Some of the companies behind the AI boom have seen massive share price increases in recent months, with Nvidia Corp. recently notching a $3 trillion market capitalization as investors’ excitement for the technology has grown. The server maker Super Micro Computer Inc. is the S&P 500 Index’s best performer so far this year.
Now, though, a growing number of investors are looking for other ways to bet on AI’s potential. For instance, JPMorgan has previously said that some trading clients are piling into commodities, anticipating that the infrastructure needed for the technology will bolster demand for energy and equipment.

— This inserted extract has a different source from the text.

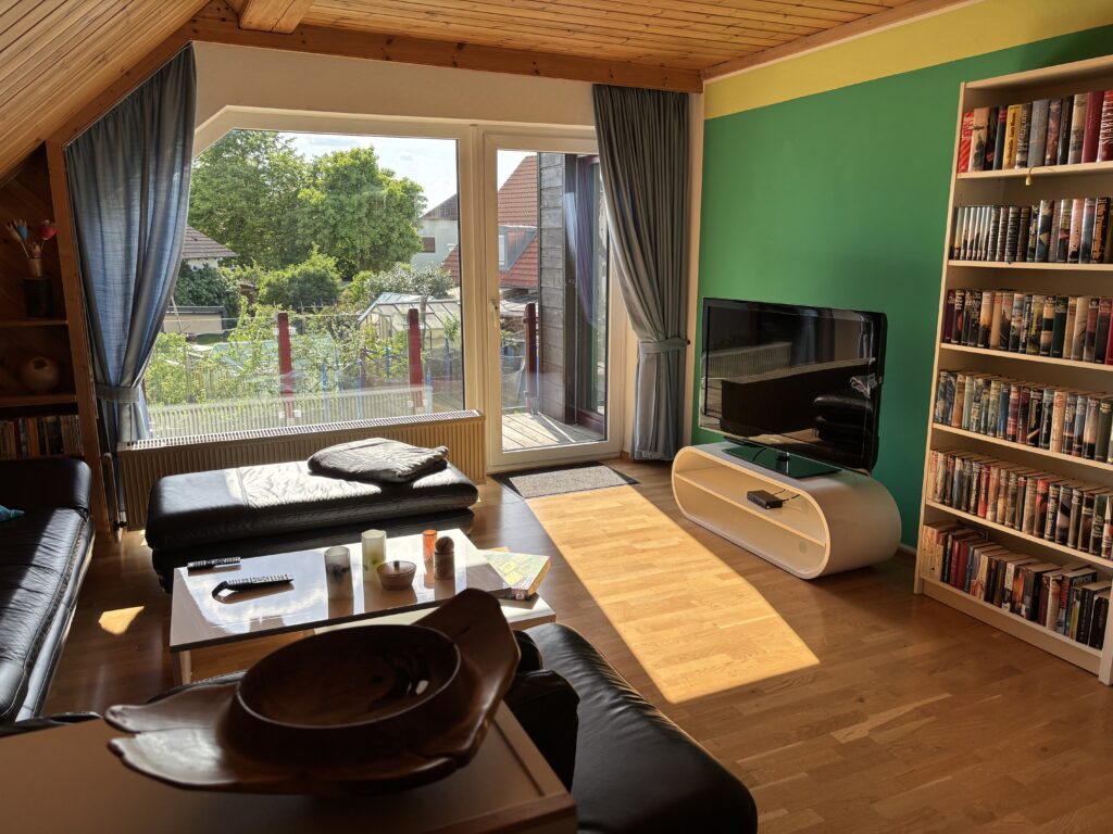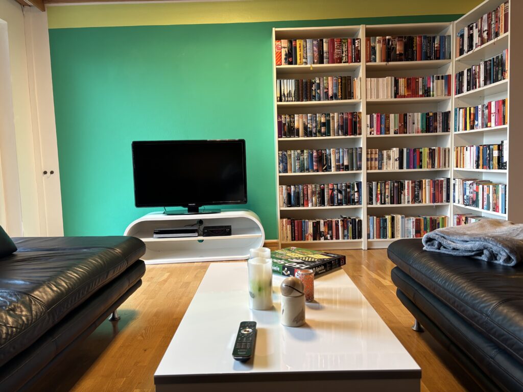 Das Wohnzimmer bietet neben einer großen, gemütlichen Couch einen TV und Büchern zum entspannen einen Arbeitsplatz.

Apple Inc. shares rose to a record earlier this week after it unveiled some long-awaited new artificial intelligence features. JPMorgan’s own Chief Executive Officer Jamie Dimon recently said AI has “unbelievable” potential for the banking industry as the technology gets deployed across functions like risk, fraud, marketing, and customer relations.
“You need to look at the companies that have the balance sheet and have the cash to fund the technological innovation,” said Mirjam Staub-Bisang, who leads BlackRock Inc.’s business in Switzerland. “To do that investment today, you can reap the benefits for years from now.”